Why does white/sausage gravy not count as gravy, in your view?

[-] BorgDrone@feddit.nl 6 points 1 month ago* (last edited 1 month ago)

Why don’t apples count as pears? Why does black not count as white?

This is gravy

This is what biscuits look like

The stuff you refer to is a ragout, not a gravy.

[-] jwmgregory@lemmy.dbzer0.com 43 points 1 month ago* (last edited 1 month ago)

Um, no. White gravies are a strong part of culinary traditions across Europe as a whole. The lumberjacks in Appalachia didn't just decide one day to make biscuits and "ragu" out of nowhere, they had several sources of inspiration for why they made their gravy the way they did.

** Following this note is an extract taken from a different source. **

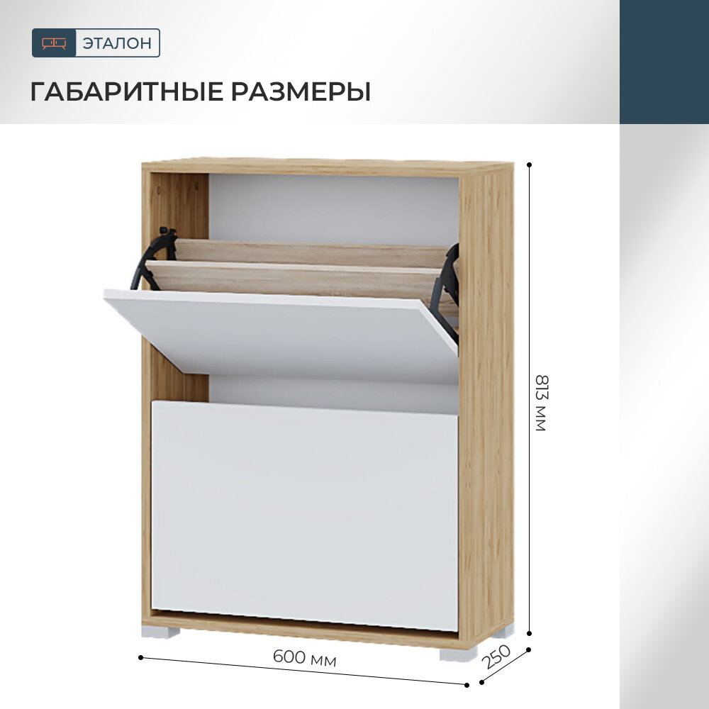 - Стильный дизайн: сочетание цветов "Крафт золотой/Белый" придает обувнице особый шарм. - Прочность и долговечность: корпус и фасад выполнены из экологически чистого материала, который обеспечивает долговечность мебели. - Удобство хранения: две закрытые секции позволяют удобно хранить обувь, не занимая много места. - Компактные размеры: обувница имеет компактные размеры, что позволяет разместить ее даже в небольшом помещении. -Практичный дизайн впишется в любой интерьер: классический, лофт, скандинавский стили. -Быстрая сборка.

And, yes, according to basically every culinary school everywhere, ever - the referent sauce is a gravy, not a ragu/ragout as you attempt to imply here. The sauce is far, far too fucking fatty to be a ragu. It is literally made with meat drippings and is primarily composed of sausage fat and roux. The fact that milk is added as a binder/emulsifier + flavor-enhancer doesn't suddenly turn it into a fucking "ragu". Further, even if gravy was the wrong term for this sauce, the correct one certainly isn't a ragu. This is much closer to a velouté and that family of sauces than it is to ragu and other meat sauces. Except, this isn't velouté, either. Why? BECAUSE THE SAUCE IS MOSTLY MADE OF FAT SOURCED FROM DRIPPINGS, THE FUCKING DICTIONARY DEFINITION OF A GRAVY!!!

Have you never had southern American style biscuits and gravy before?

I just can't seem to imagine how someone would think the gravy is a ragu instead of being a gravy unless you've literally never eaten it before and only have seen it visually and know that it is a sauce with meat in it... this whole position is patently fucking ridiculous if you've ever eaten it before, imo.

You can be Western European, pompous, or correct - pick two.

Sorry not to be a dick I just gotta raz you guys when I get the chance lmao, much love from across the seas. This is definitely an interesting hill you've picked to die upon in a thread topically about language barriers, tho, lol.

[-] _stranger_@lemmy.world 8 points 1 month ago* (last edited 1 month ago)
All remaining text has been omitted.